Exercise requirements | The pictures stay out. Please retype every line below exactly.

Given data |
Segment Open
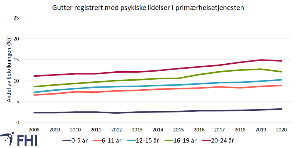 - Blant gutter har andelen som blir behandlet for psykiske lidelser vært mer stabil. Blant de yngste aldersgruppene (0-11 år) er andelen som blir behandlet for psykiske lidelser høyere hos gutter enn jenter. Dette skyldes at gutter i større grad utvikler lidelser som debuterer tidlig i livet, som for eksempel ADHD, autismespekterforstyrrelser og atferdsforstyrrelser.
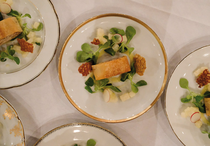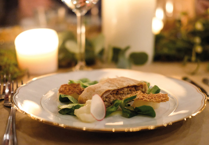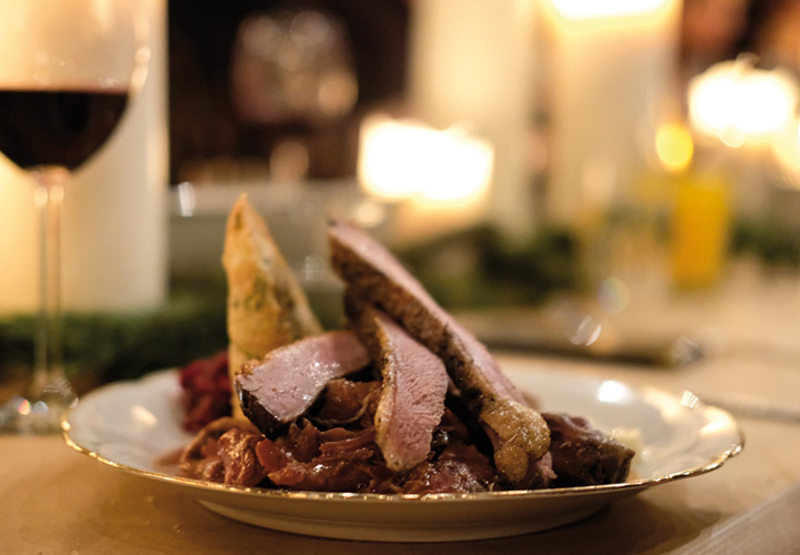 Den Beginn machte Feldsalat mit Kartoffel-Sherry-Dressing, dazu süß-saure Butterrübe und ein Ziegenkäsetrudel mit Apfel und Walnuss. Im Hauptgang dann die Ente – die ganze Ente: rosa Entenbrust, geschmorte und einmal gebratene Keule. Dazu Serviettenknödel, Rotkohl und Birnen – Apfel Ragout. Das war mal ein Teller… nach einer kleinen Pause ging es dann weiter mit Spekulatius-Gries-Knödel, Zwetschgenröster und einem kleinen Schokoladenküchlein.
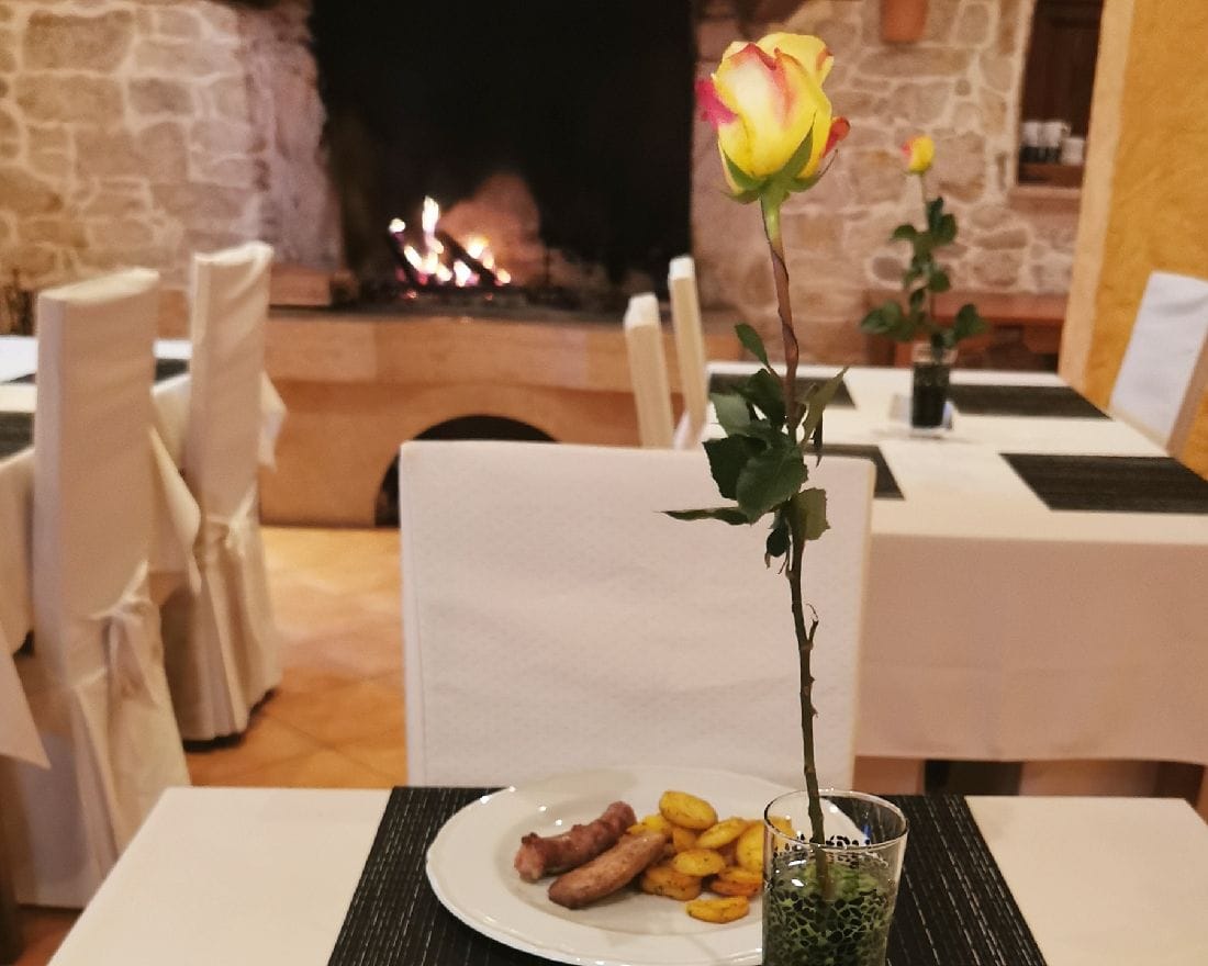 Vlasnica nam je ukratko predstavila ponudu i otpratila nas do sale restorana, gdje je onda brigu o nama preuzela mlada konobarica Sara. Također i salu restorana krasi kamin, a sala odiše ugodom, elegancijom i romantikom. Na stolovima smo odmah primijetile svježe cvijeće koje doprinosi osjećaju ugode. Za vlasnike kućnih ljubimaca definitivno je veliki plus što su kućni ljubimci dobrodošli.
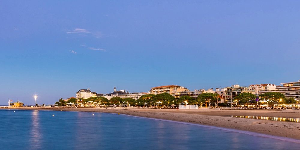 Heure bleue à Arcachon avec plage et front de mer dans le Bassin d'Arcachon, Aquitaine, Nouvelle-Aquitaine, France.
Segment Closed
Response area |
 - Blant gutter har andelen som blir behandlet for psykiske lidelser vært mer stabil. Blant de yngste aldersgruppene (0-11 år) er andelen som blir behandlet for psykiske lidelser høyere hos gutter enn jenter. Dette skyldes at gutter i større grad utvikler lidelser som debuterer tidlig i livet, som for eksempel ADHD, autismespekterforstyrrelser og atferdsforstyrrelser.
 Den Beginn machte Feldsalat mit Kartoffel-Sherry-Dressing, dazu süß-saure Butterrübe und ein Ziegenkäsetrudel mit Apfel und Walnuss. Im Hauptgang dann die Ente – die ganze Ente: rosa Entenbrust, geschmorte und einmal gebratene Keule. Dazu Serviettenknödel, Rotkohl und Birnen – Apfel Ragout. Das war mal ein Teller… nach einer kleinen Pause ging es dann weiter mit Spekulatius-Gries-Knödel, Zwetschgenröster und einem kleinen Schokoladenküchlein.
 Vlasnica nam je ukratko predstavila ponudu i otpratila nas do sale restorana, gdje je onda brigu o nama preuzela mlada konobarica Sara. Također i salu restorana krasi kamin, a sala odiše ugodom, elegancijom i romantikom. Na stolovima smo odmah primijetile svježe cvijeće koje doprinosi osjećaju ugode. Za vlasnike kućnih ljubimaca definitivno je veliki plus što su kućni ljubimci dobrodošli.
 Heure bleue à Arcachon avec plage et front de mer dans le Bassin d'Arcachon, Aquitaine, Nouvelle-Aquitaine, France.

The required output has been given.